In a study conducted by Diggle, parent training was found to be beneficial, in terms of the child’s language development and improved maternal knowledge of autism.  Increased skill and reduced stress are potential benefits.     In the second study which involved parents, but where the treatment was primarily delivered by professionals; better child outcomes were reported.  No differences were found in relation to parent and teacher’s perception of skills and behaviours.  Larger samples, randomised controlled trials including both short and long-term outcome measures and full economic evaluations were recommended (Diggle, T. 2003).  Earlier intervention, and the preventative benefits of sensory and motor interventions embedded in naturalistic environments needs to be encouraged (Baranek, G.T. 2002).

5.       Conclusions

Early intervention is accepted as being more cost effective in the long term. The child’s level of participation in occupationally relevant activities within the home and the community, will predict their independence in the occupational realms of adulthood. This translates into a  reduction in  the cost to the society, in terms of governments providing lifelong financial support for people with ASD.  OT-SI has the potential to change the developmental trajectory of children with ASD   (Esdaile, S.A. 2003). OT-SI has been criticised as being a component based child centred treatment model, with no occupational relevance.  In its true purest form it embeds SI firmly in the realm of occupational therapy the goals being active engagement in the occupation roles of childhood.

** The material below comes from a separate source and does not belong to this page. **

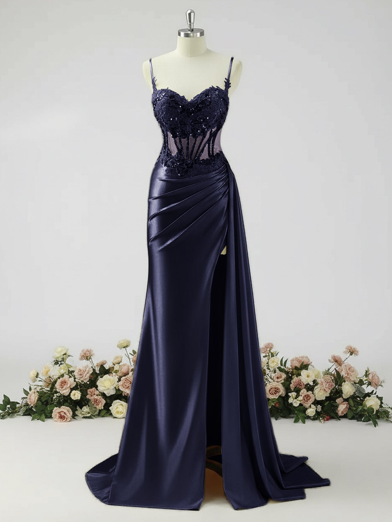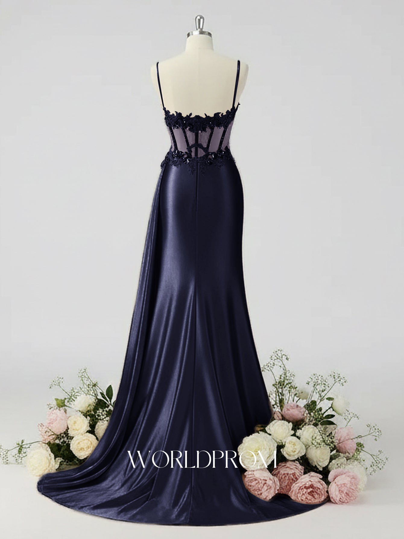 This satin prom gown features sparkly beading with sheer on the illusion bodice. The backless dress has a sweetheart neckline and split hem. Worldprom mermaid prom dresses are ideal for party, evening or festivals.

There is a growing trend for families of severely disabled children to care for them in the home (Weiss, S.J. 1991).   Addressing the issue of parental well-being is thus important for both the parents their children, and the society as a whole (Esdaile, S.A. 2003). The importance of family-centred services for children with disabilities was emphasised by Cohn  (Cohn, E. 2000).  Suggested interventions for parents were aimed at enhancing parenting skills, as well as stress management programmes for both parents as part of the occupational therapy programme     The need to incorporate a parent stress measure as well as an engagement and family occupational performance an outcome measure, and correlating this with change in the child’s occupational performance has not been researched to date. 

Practice in early-intervention has more recently emphasised a family-centred approach, in which the family’s concerns are the starting point for defining needs and priorities  (Meisels, S.J. 1996).  Home based intervention needs to be more grounded in typical family occupations, and writings in this area have emphasised the importance of embedding therapeutic activities in the child’s regular daily routines. Intervention has limited impact, and carry-over into family life by incorporating sensorimotor activities in daily routines would be beneficial (Case-Smith, J. 2001). Practice in the school environments has also confronted therapists with the need to consider the context of the child, both in trying to understand his behaviour, and in designing meaningful interventions in the classroom and on the playground.